### DIRECTIONS:
Each line below from the line with "やさしい色のヒヤシンス達〜💖 ヒヤシンスの下のグリーンは オダマキの葉🌱間も無く全ての植物を覆い隠すようにモリモリに" to the line with "tài khoản khác." must be copied exactly, including those two, and no picture may appear in the copy.

### RECORDS SUPPLIED:
++++++++++

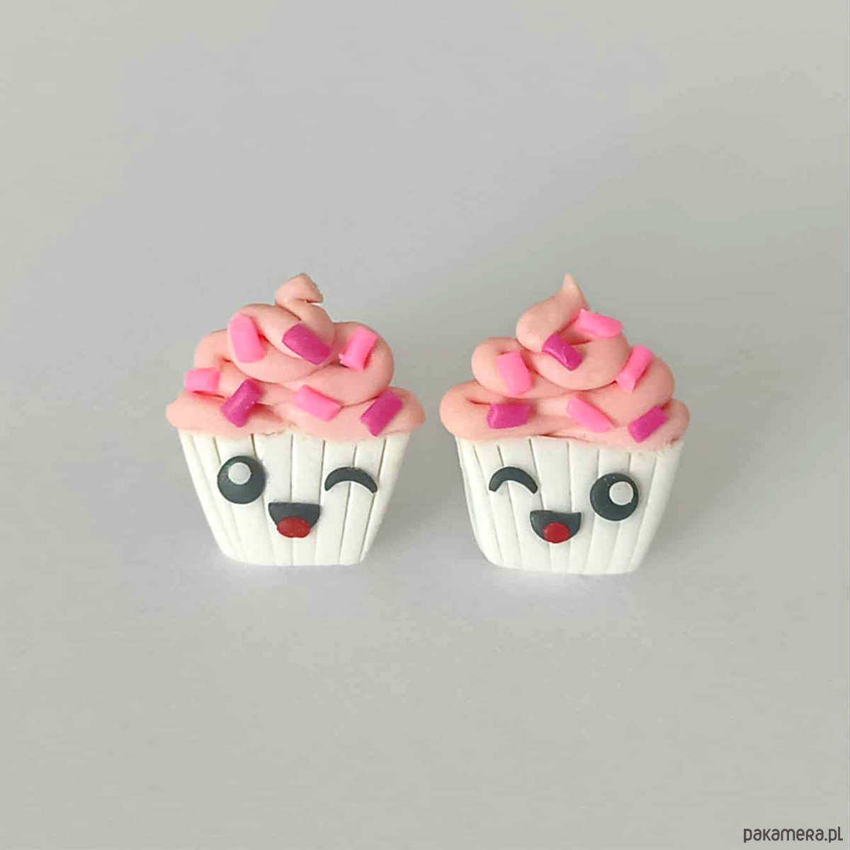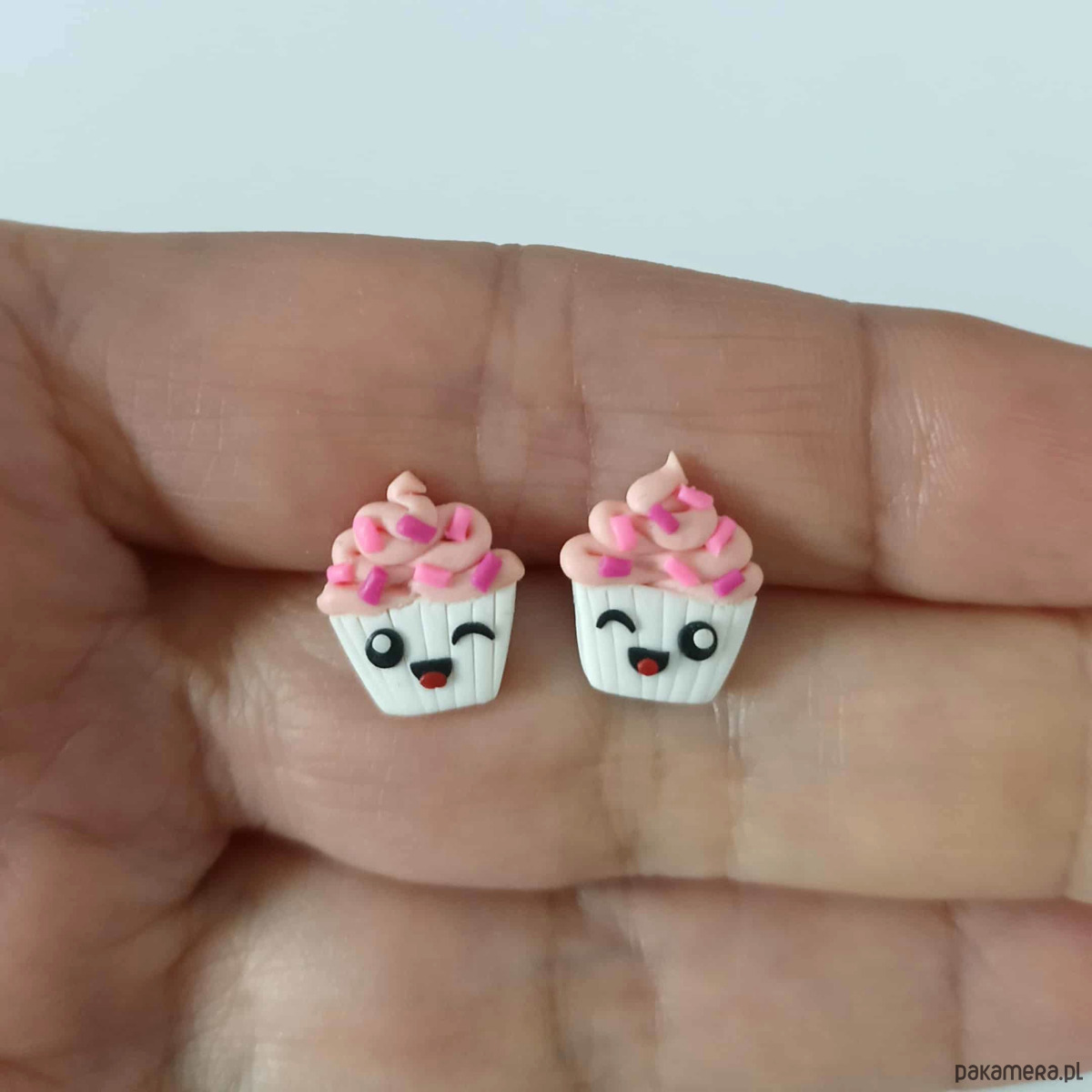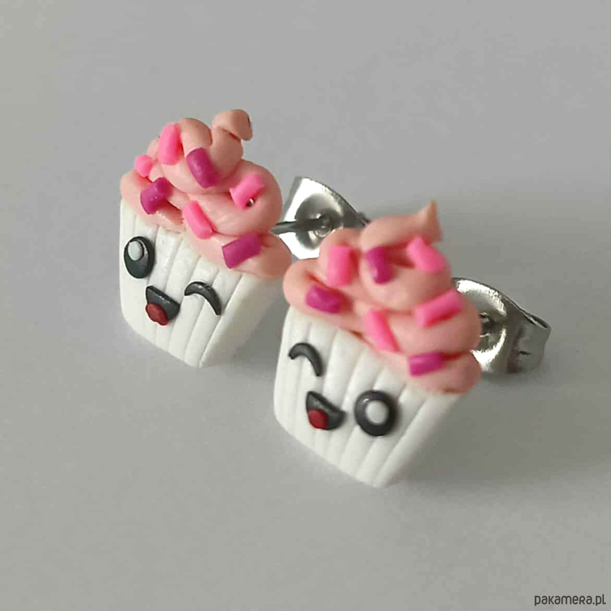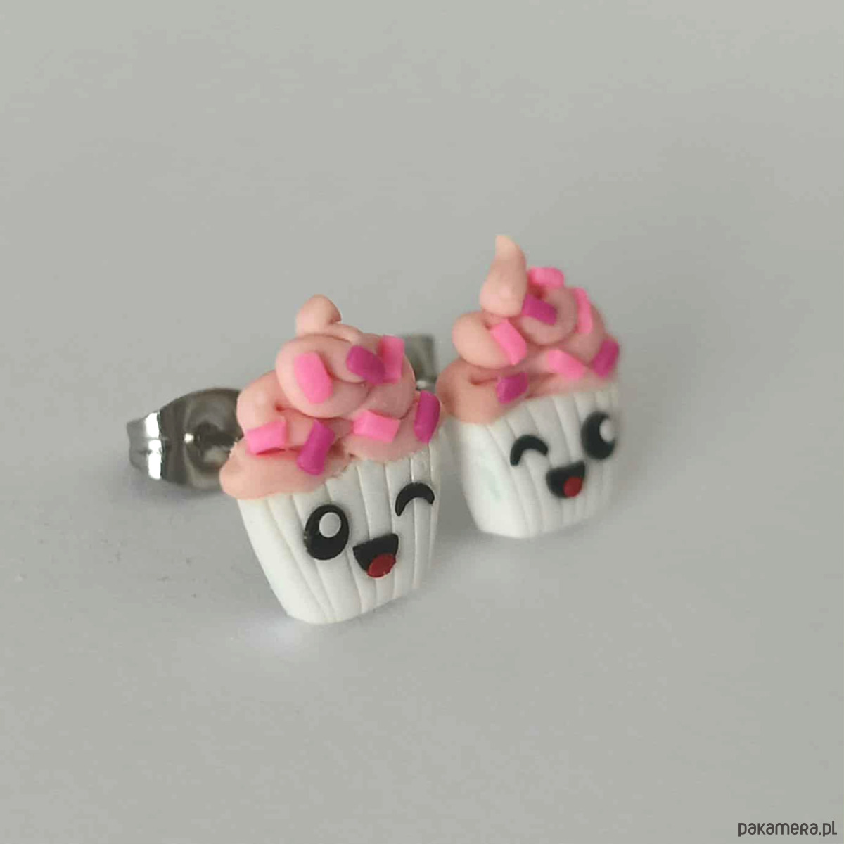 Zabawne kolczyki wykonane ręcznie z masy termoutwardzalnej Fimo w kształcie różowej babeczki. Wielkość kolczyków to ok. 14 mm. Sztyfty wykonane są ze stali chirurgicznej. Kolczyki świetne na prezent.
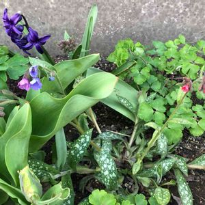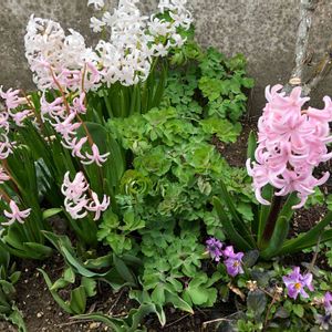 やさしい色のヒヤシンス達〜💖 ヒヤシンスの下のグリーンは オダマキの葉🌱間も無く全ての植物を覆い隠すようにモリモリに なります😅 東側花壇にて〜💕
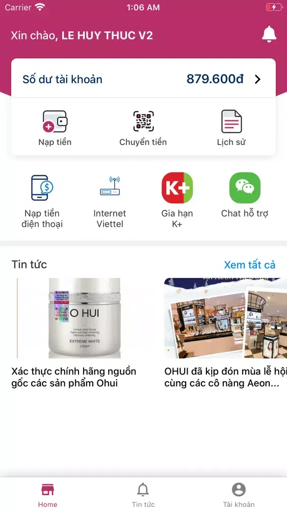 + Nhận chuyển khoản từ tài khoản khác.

++++++++++

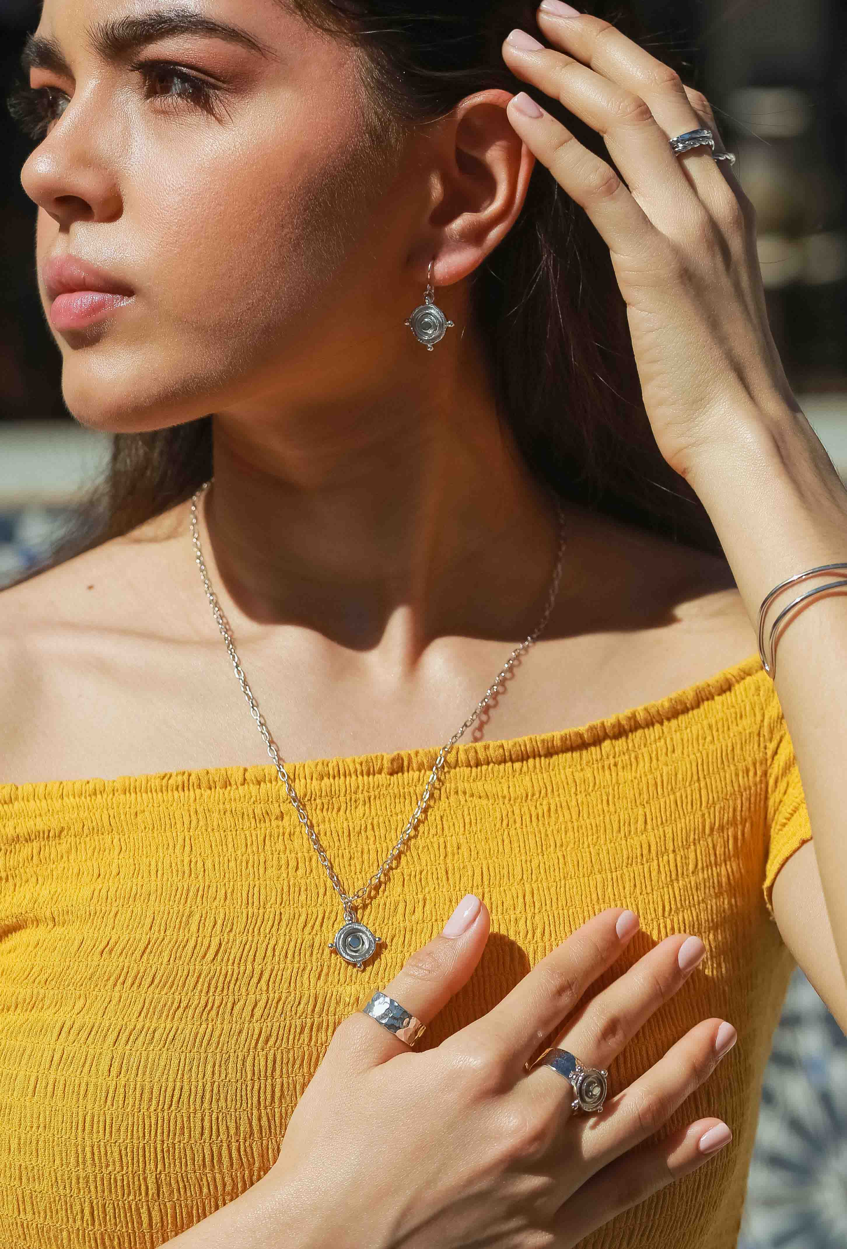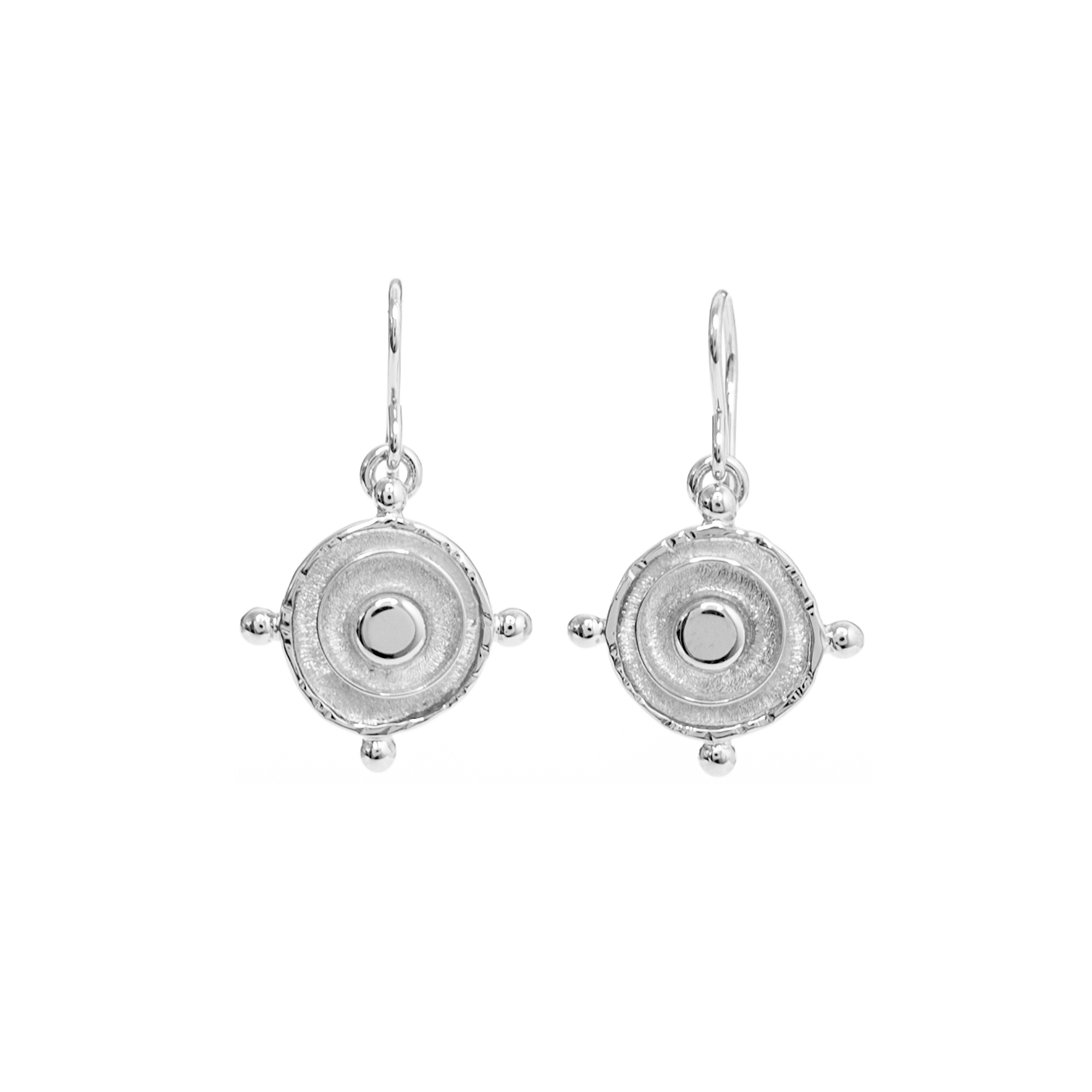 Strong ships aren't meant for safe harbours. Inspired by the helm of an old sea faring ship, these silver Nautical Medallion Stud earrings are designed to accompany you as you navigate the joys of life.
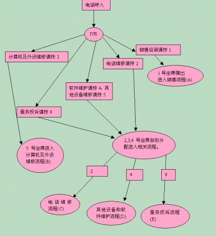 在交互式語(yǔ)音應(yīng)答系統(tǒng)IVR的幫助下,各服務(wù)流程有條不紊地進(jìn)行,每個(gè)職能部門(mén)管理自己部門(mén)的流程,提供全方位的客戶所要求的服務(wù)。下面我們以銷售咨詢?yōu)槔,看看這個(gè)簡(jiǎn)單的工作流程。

++++++++++

### ANSWER:
 やさしい色のヒヤシンス達〜💖 ヒヤシンスの下のグリーンは オダマキの葉🌱間も無く全ての植物を覆い隠すようにモリモリに なります😅 東側花壇にて〜💕
 + Nhận chuyển khoản từ tài khoản khác.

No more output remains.